Morrison noted that Tuesday’s demonstrations were emblematic of a growing willingness within the medical profession to highlight the connections between human and planetary health — “a real sea change for the good,” she said. The Lancet, a leading medical journal, has called climate change the “greatest global health threat facing the world in the 21st century,” with the potential to erase recent decades of health gains from economic development. According to the World Health Organization, global temperature rise may cause a quarter of a million deaths between 2030 and 2050 due to increased heat stress, malnutrition, and diseases like malaria.

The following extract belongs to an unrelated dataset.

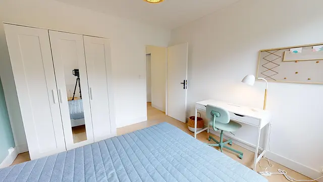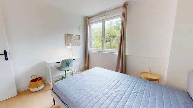 Cette chambre dispose d'un lit double, un bureau avec lampe et chaise, une table de chevet et une armoire avec miroir plein pied.

While physicians, Indigenous leaders, and policymakers addressed the crowd in St. Paul, a delegation of health care professionals led a short march to the Army Corps of Engineers’ office. They intended to deliver a letter addressed to President Joe Biden, urging him to revoke federal permits for Line 3, but were denied entry to the building. Other groups around the country also attempted to deliver letters to their local offices.

“As a health professional, I see it pure and simple: Climate change is a public health issue,” Surapaneni said. “We need health professionals out of our clinics, out of our hospitals and labs, out in the community and raising our voices.”